I want to cry, for so many reasons—but I am too wrung out to spare the tears. I feel another wave of pain and get yelled at to push, and I try, I really do, but I have nothing left to give. All of me has floated away in a cloud of despair and sheer knackeredness.

“I can’t do this!” I scream. “Please, just make it stop! Make it stop!” I bite my lip hard, three times, tasting blood on my tongue.

Geoff with a G looks even queasier, but he takes hold of one of my hands, squeezes my fingers, and says: “You’re okay, Gemma. You can do this. You know you can.”

He doesn’t sound very convinced, but it is something to cling to. Kind words, a kind touch. A kind man. It calms me enough that I take in more air, gulping it in greedily.

“Gemma, you’re nearly there, love!” says the midwife. I’ve forgotten her name. Something Irish, I think, even though her accent is pure East London. This is my third midwife—I have gone through a few shift changes now.

“You said that hours ago!” I scream at her. “You were lying! You’re a bloody liar!”

The midwife actually laughs out loud at this accusation. It is a strange sound to hear floating up to my ears, a tinkling of amusement as she roots around, as she inspects, as she probes.

“Gemma, I can see her head!” she adds. “And I’m not lying—I can see her head, and she has lovely red hair like you, and she is so ready to come and meet you—come on now, one last big push for me!”

Red hair. Huh.

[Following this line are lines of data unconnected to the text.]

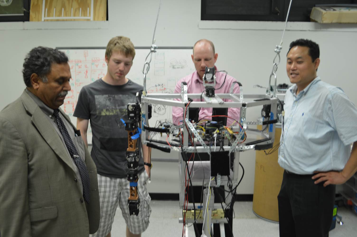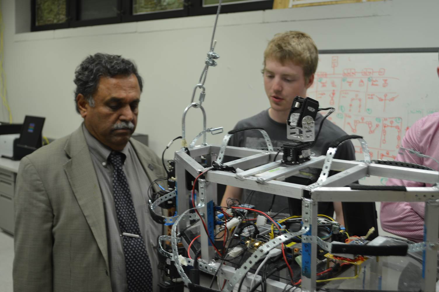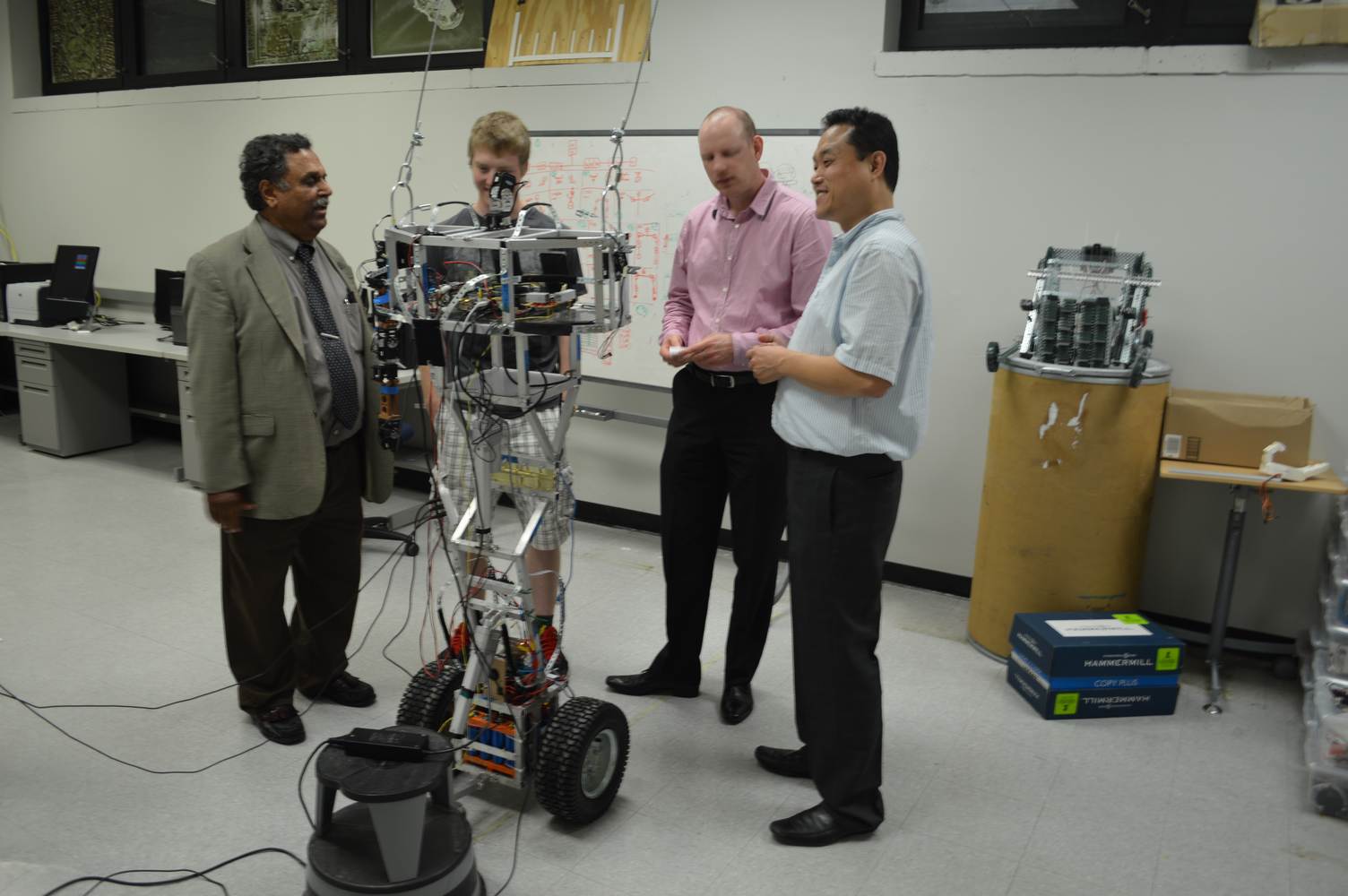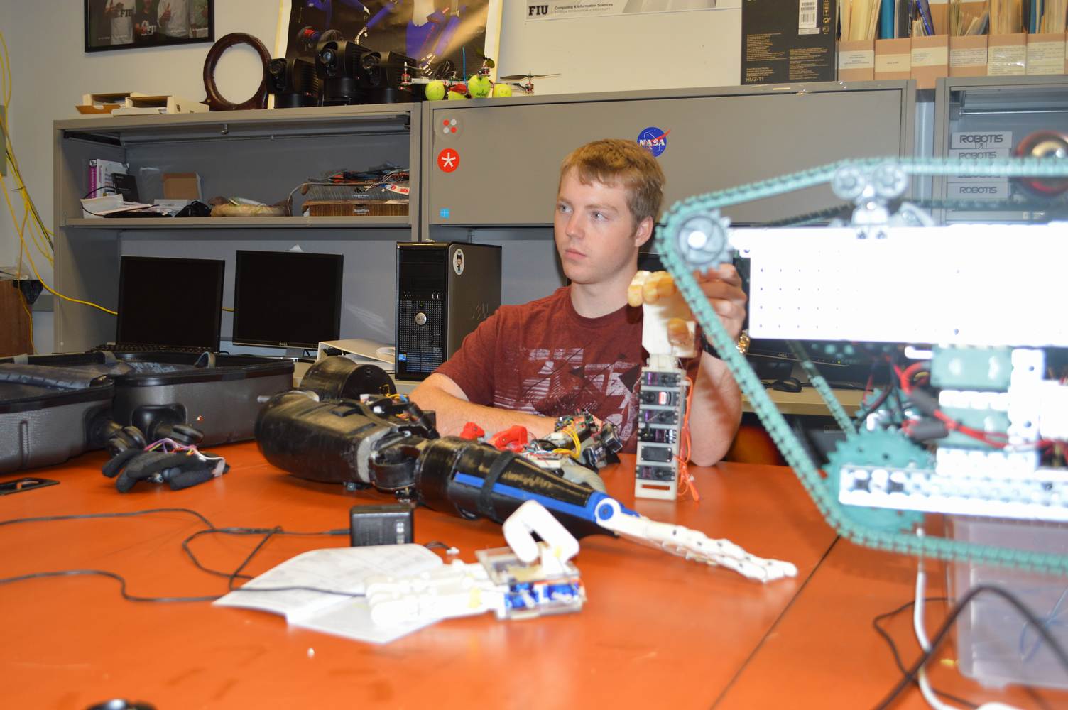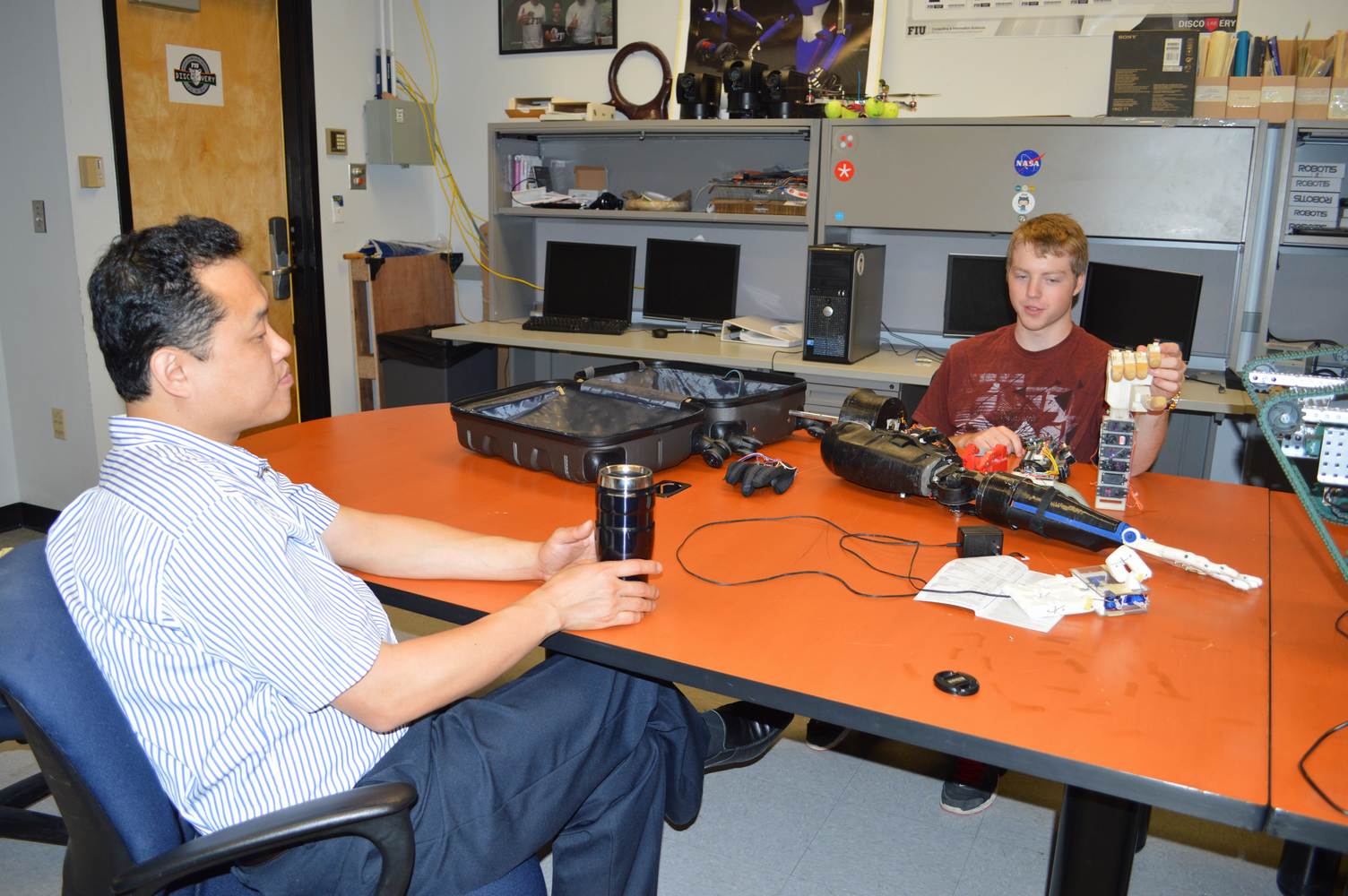 The Discovery Lab had the pleasure of having Easton LaChappelle working with us here at the lab for a week. Easton LaChappelle is a High School student from Colorado who has quite some experience in the field of animatronics. He had the opportunity to show his research to president Obama in the third annual White House Science Fair. His arm control designs are very ingenious and his understanding of robotics helped us further our own research. Easton had just returned from an internship at NASA when he came to the Discovery Lab. He had been working on the mechanical design of a teleoperated robotic arm, which is part of the work we do here at the Discovery Lab. Even after such a trip, he was amazed with our work on the Telebot, and was eager to help us. Althought short, his visit to the Discovery Lab gave us a different perspective on the idea of robotic Telepresence and provided us with inspiration for the future of the Telebot.
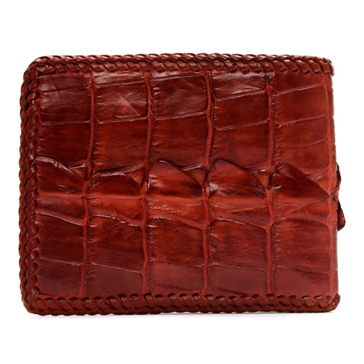 Giới thiệu Bóp nam Huy Hoàng da cá sấu đan viền màu nâu đất HP2223
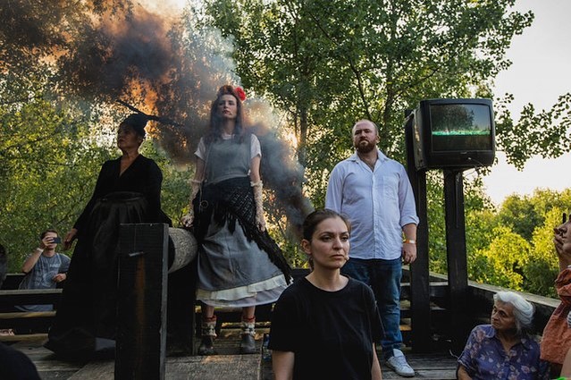 Начнётся трансляция в 19:00 на страницах Никола-Ленивец \ Nikola-Lenivets в социальных сетях Facebook и ВКонтакте. В постановке Анна исполняет роль женщины с кошками.

I’ve always hated mine, but for some reason I feel weirdly pleased that she has it too. Like it’s a connection we will always have, no matter what else we lose. A twine of ginger reaching down through the ages. I grip hold of Geoff ’s hand, tighter than any sane human being would appreciate, and I push, growling out a long stream of air, forcing myself to find that last shred of strength that I need. I lean forward as I do it, squashed up and folded and as concertinaed as my malformed body can get.

I hear Geoff and the midwife speaking words that don’t register; I feel a flickering sensation behind my eyes, a high-pitched ringing in my ears, the world around me a blanked-out, buzzing void: nothing exists but me and this moment and doing this one thing. The most important thing I have ever done.

I am sixteen and I am having a baby. A baby girl, with red hair. I let out one scream, put all my energy into helping her into the world, and know that I am spent. That I have nothing more to give. If this is not enough, then this is not happening.